Concerns about the security skills gap and the talent shortage were heard everywhere at RSA Conference 2019. A session about data privacy focused on how the barrage of new privacy laws would increase the need for cybersecurity professionals as well as physical security. Conversations at vendor booths wondered how organizations can best address the shortage. The topic buzzed, even at the after-show parties.
No doubt about it, the security skills gap is impacting how organizations keep data and networks safe, and it is going to take a long time until we are able to see solid footing within the industry.

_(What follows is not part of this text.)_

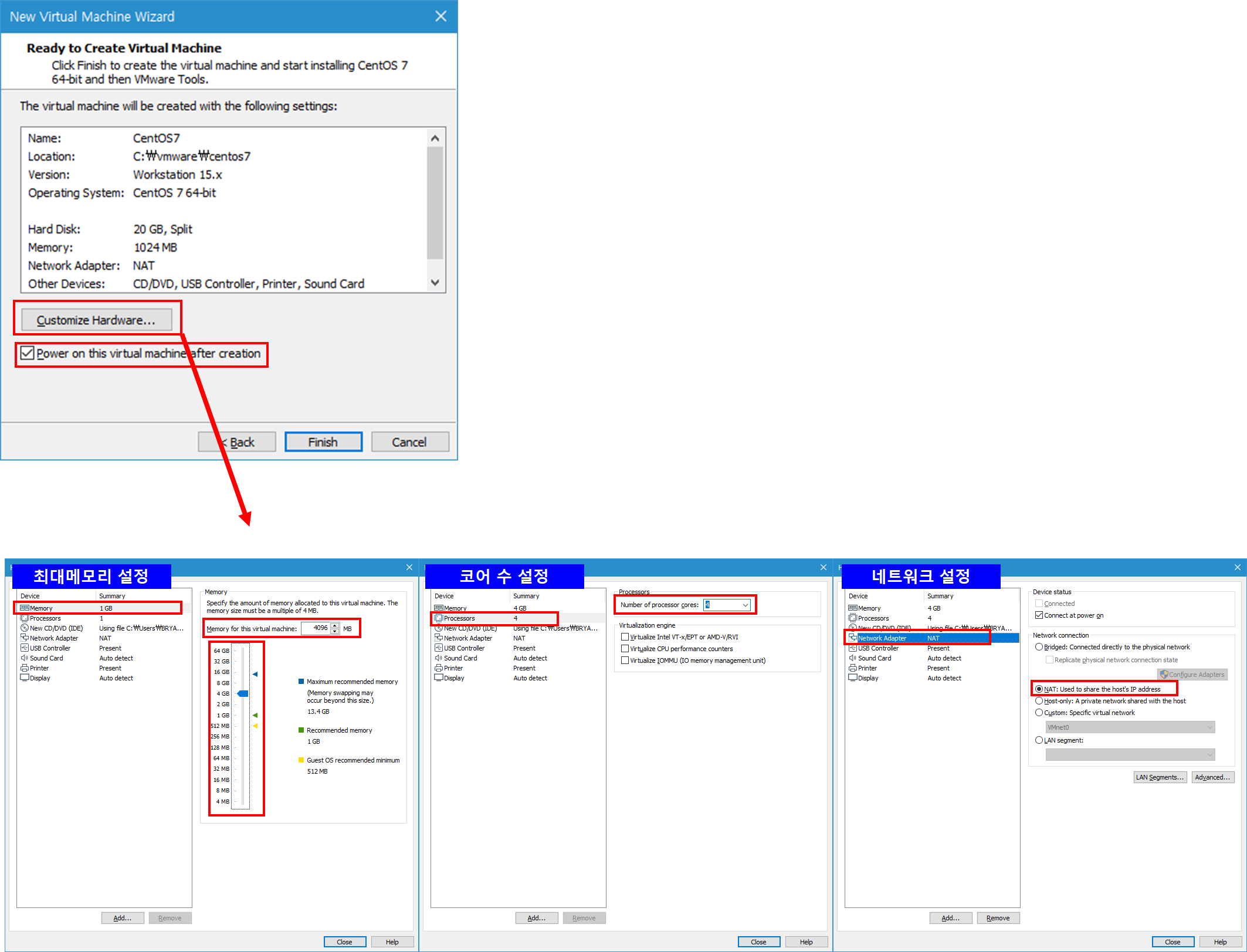 - VMwaore Workstation Player가 실행되면 Create a New Virtual Machine을 클릭합니다. 그리고 아래 그림과 같은 순서로, CentOS7 iso 파일을 불러오고 계정설정, disc size 설정을 마칩니다.
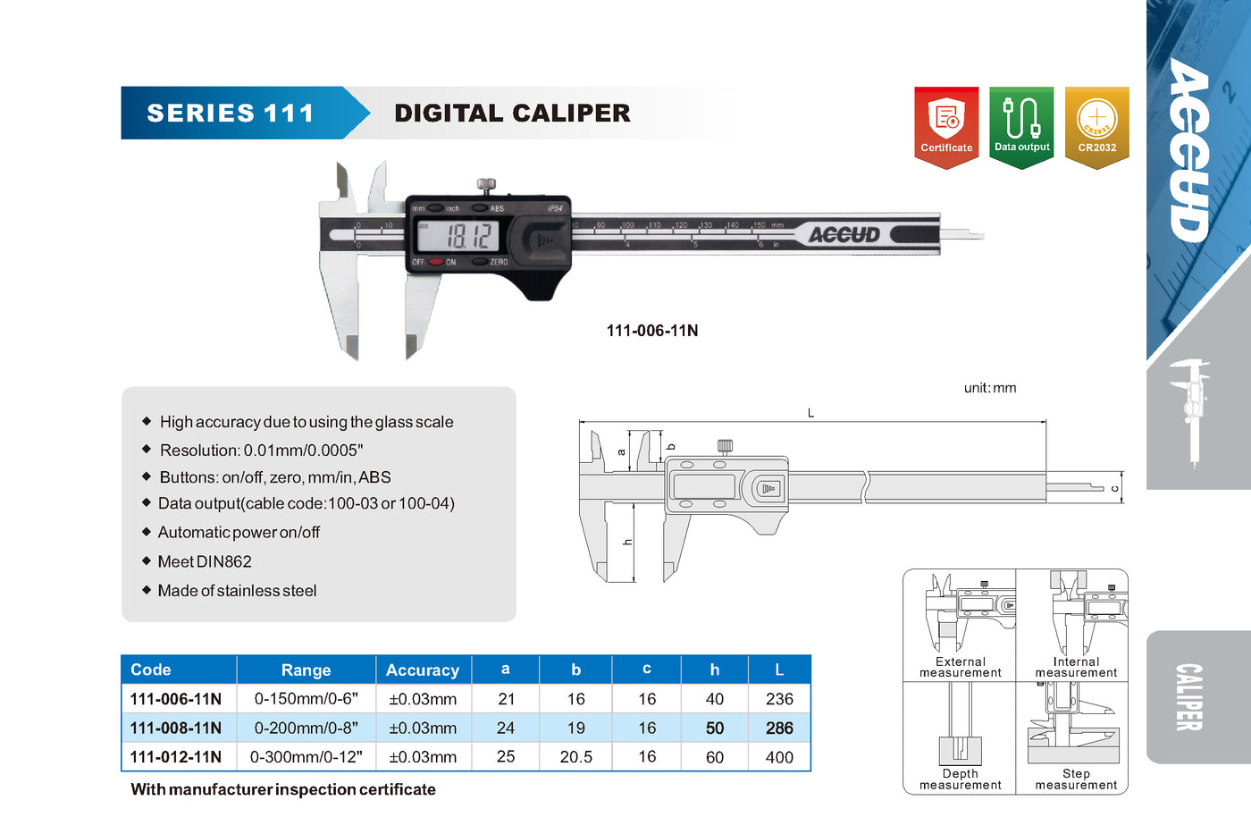 Paquímetro Digital Accud 111-11N Nível de Proteção IP 54 150mm / 200mm / 300mm

Most Organizations Impacted by the Cybersecurity Skills Gap
According to research from ESG and ISSA presented at RSA, 74 percent of organizations have been impacted by the cybersecurity skills talent shortage. That impact ranges from an increased workload for current staff to hiring and training junior staff because there isn’t anyone available to fill current needs.
This lack of cybersecurity talent is giving adversaries a leg up, the research added. Nearly two-thirds of the respondents admitted that the cyber defenders are overmatched. This is adding to the stress level of security staff, who already feel overworked, overwhelmed and unable to keep up with training and the ever-changing threat landscape.
Cybersecurity is becoming more specialized. We are past the days when an IT person could be told to take over security duties. The biggest needs, according to this study, are for professionals experienced (or trained) for cloud security, application security, security analytics and risk/compliance administration.
The skills shortage is defined as more jobs than people, noted presenters Jon Oltsik from ESG and Candy Alexander from ISSA, but we’re also seeing a shortage because the people in that are already in the jobs don’t have the right skills.
Skills Gap Spills over to Physical Side
But the security skills gap isn’t just an issue in cybersecurity. It’s a problem for physical security, as well.
“The No. 1 issue, whether or not a company is a manufacturer of devices or installing and designing systems, is finding qualified talent,” said Don Erickson, CEO of Security Industry Association (SIA). “It’s not a lack of resumés coming in but a lack of people with the expertise on the technician side, or as project managers, or as systems engineers, or even a sales force who can discuss security technology.”
The talent shortage in this area is a huge problem. We not only depend on physical security to protect our businesses, homes and people, but it also will impact cybersecurity and data protection and privacy. These are the folks who are develop and install the biometric systems that restrict access into a building and act as an added layer of authentication to our networks, for example. They manufacture and install the security cameras that surveil our data centers.
The talent shortage in physical security is so big that an organization like SIA can’t address it alone but needs to collaborate with other organizations to create initiatives and programs to promote security education and training.
In this case, SIA is collaborating with the Electronic Security Association (ESA) to recruit and retain qualified talent in the security industry. This includes outreach to schools from K-12 to college and vocational to increase awareness about the opportunities available and continuing educational offerings to those already in the workforce.
“We want to elevate the profile of the industry so it can compete with other sectors,” said Erickson. “There’s what I like to call a ‘war for talent’ out there, a competition between all sectors—IT, physical, other industries—so we have to elevate our profile and talk about how innovative the industry is in security technologies and protecting every component of the critical infrastructure.”
Demonstrating a Need
Erickson said while the IT security side has done a good job at talking about and demonstrating the skills gap, the physical security side needs to improve its efforts to show the need for skilled professionals in these careers. Some of the ways they are doing this include:
- Working with Women in Cybersecurity, SIA and ESA are taking an adopt-a-college approach to elevate the profile of the physical security industry as viable careers.
- SIA developed a pilot program with Mercer County Community College in New Jersey. It’s a two-year degree program in physical IT security with four disciplines: security project management, product technology, sales and security project integration.
- SIA launched an event in Minneapolis this summer geared to young professionals to attract them into careers in the security industry, with soft skills development and information about entering the industry, as well as mentoring and team-building opportunities.
- Working with ASIS, SIA created a career pathways document that describes the skills and expertise needed to work and advance in the security industry on both the supplier side and user side.
The skills shortage, both in cybersecurity and in physical security, is a massive problem. It’s bigger than one organization can solve, so we’re all going to have to work together to promote these industries as viable career paths and get the word out about the need for skilled workers in areas beyond IT.